43rd Prime Minister of Iran
- In office 4 August 1981 – 30 August 1981
- Supreme Leader: Ruhollah Khomeini
- President: Mohammad-Ali Rajai
- Preceded by: Mohammad-Ali Rajai
- Succeeded by: Reza Mahdavi Kani (Acting)

Minister of Education
- In office 10 August 1980 – 10 August 1981
- President: Abolhassan Banisadr
- Prime Minister: Mohammad-Ali Rajai
- Preceded by: Mohammad-Ali Rajai
- Succeeded by: Ali Akbar Parvaresh

Member of the Parliament of Iran
- In office 28 May 1980 – 10 August 1980
- Constituency: Tehran, Rey, Shemiranat and Eslamshahr
- Majority: 1,385,197 (64.8%)

Member of Assembly of Experts for Constitution
- In office 15 August 1979 – 15 November 1979
- Constituency: Kerman province
- Majority: 205,765 (80.2%)

Personal details
- Born: 5 September 1933 Kerman, Imperial State of Iran
- Died: 30 August 1981 (aged 47) Tehran, Iran
- Resting place: Hafte Tir Mausoleum
- Party: Islamic Republican Party
- Spouse: Zahra Eynakian ​(m. 1966)​
- Children: 4
- Relatives: Mohammad-Reza Bahonar (brother)
- Education: University of Tehran

= Mohammad-Javad Bahonar =

Iranian Islamic cleric and politician (1933–1981)

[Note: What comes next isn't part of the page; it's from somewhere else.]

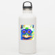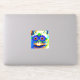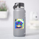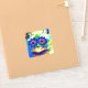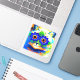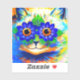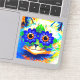 Pegatina con la pintura de animales de Louis Wain Cat Flower Eyes (1860-1939). Un gato arco iris sonríe ampliamente. Las flores azules le cubren los ojos. Un regalo maravilloso para los amantes de los gatos y el arte inglés.

Mohammad-Javad Bahonar (محمدجواد باهنر, 5 September 1933 – 30 August 1981) was an Iranian theologian and politician who served as the Prime Minister of Iran for less than one month, in August 1981. On 30 August, Bahonar and other members of Mohammad-Ali Rajai's government were assassinated by Mujahideen-e Khalq.

== Early life ==
Mohammad Javad Bahonar was born on 3 September 1933 in Kerman, Iran. His father was a simple tradesman and had a little shop in the city of Kerman. He was the second child of nine in a very poor family. As a child, he was taught the Quran at the local Makk-tab-Khaneh (parochial school attended by the students very often at the house of local mullah before national school system was put in place) also learning to read and write in Persian. Guided by the Ayatollah Haghighi, he studied at the Masoumieh seminary. At the same time he could obtain the degree of fifth of ancient school.

== Education ==
Bahonar passed his primary school at Masoumieh School of Kerman. In 1953, he went to Qom Seminary and attended in the class of Ruhollah Khomeini, the leader of Iranian revolution. He received a PhD in theology from the University of Tehran. Also, he was faculty member of the Tehran University and taught theology.

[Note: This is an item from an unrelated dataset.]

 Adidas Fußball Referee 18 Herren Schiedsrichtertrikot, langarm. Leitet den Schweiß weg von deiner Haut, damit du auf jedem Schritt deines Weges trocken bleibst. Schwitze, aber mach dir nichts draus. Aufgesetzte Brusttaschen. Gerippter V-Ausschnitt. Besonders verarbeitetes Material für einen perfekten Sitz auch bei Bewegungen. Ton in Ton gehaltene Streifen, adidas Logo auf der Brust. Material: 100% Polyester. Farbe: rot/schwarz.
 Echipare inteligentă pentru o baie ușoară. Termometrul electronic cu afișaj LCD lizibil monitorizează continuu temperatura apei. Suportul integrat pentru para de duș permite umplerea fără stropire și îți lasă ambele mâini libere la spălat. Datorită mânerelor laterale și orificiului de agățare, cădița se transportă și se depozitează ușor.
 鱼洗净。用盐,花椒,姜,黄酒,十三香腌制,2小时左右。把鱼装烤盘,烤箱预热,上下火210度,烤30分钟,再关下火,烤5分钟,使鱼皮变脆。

== Revolutionary activities ==
=== Before Iranian revolution ===
Bahonar was a reviler of the Pahlavi dynasty and had activities against Mohammad Reza Shah that led to his imprisonment in 1963, 1964, and 1975. On 1963, he was jailed for opposing the Shah's White Revolution. Also, during the time of Khomeini's exile to Iraq and France, he continued his revolutionary activities and was an influential member among Khomeini's followers. Bahonar along with Morteza Motahari was active speaker of Hosseiniyeh Ershad, a religious lecture hall in the Tehran.

=== After Iranian revolution ===

Upon release from custody, Bahonar did not engage in further activism until Khomeini became Iran's de facto ruler. For his service in the revolution, Bahonar became the new government's minister of culture and Islamic guidance in 1981, and was responsible for censoring any media disapproved by Muslim leaders in Tehran. He also directed a purge of all secular influence from Iranian universities.

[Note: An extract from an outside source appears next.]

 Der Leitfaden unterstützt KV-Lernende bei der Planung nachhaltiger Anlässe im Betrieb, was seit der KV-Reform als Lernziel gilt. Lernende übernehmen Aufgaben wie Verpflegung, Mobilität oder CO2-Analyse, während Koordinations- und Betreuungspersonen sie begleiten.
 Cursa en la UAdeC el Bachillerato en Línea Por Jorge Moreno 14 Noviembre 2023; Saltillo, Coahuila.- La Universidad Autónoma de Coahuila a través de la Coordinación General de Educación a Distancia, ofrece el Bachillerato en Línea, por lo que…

He became a founding member of the Islamic Republican party and an original member of the Council of Revolution of Iran. He was also a member of the Assembly of Experts. Bahonar along with Mohammad Ali Rajai purged Iranian universities of western cultural influences in what is known as the Islamic Cultural Revolution. After the assassination of Mohammad Beheshti on 28 June 1981, he was appointed general secretary of the party where he was also a member of the central committee. Bahonar served as the minister of culture and Islamic guidance under Mohammad Ali Rajai's prime ministry from March 1981 to August 1981. When Rajai became president on 5 August 1981, he chose Bahonar as his prime minister.

== Assassination ==

Bahonar was assassinated along with Rajai and other members of the Islamic Republican Party when a bomb exploded at the party's office in Tehran on 30 August 1981. In Iran, this explosion is known as the Hashteh-Shahrivar bombing. The bomb was set off when one of the victims opened a briefcase. The briefcase was carried by Massoud Keshmiri, a security official at the Islamic Republican Party, to the meeting. One week later, Keshmiri was announced as responsible for planning and executing the assassination. Keshmiri was identified as an operative of Mujahedin that was supported by Saddam Hussein. He tried to assassinate Rajai and Bahonar on 22 August when Rajai introduced his cabinet to Ruhollah Khomeini. Ahmad Khomeini explained that Keshmiri was with Rajai when they came to see Imam Khomeini. He had a suitcase but they did not allow him to bring it. Bahonar died at the age of 47.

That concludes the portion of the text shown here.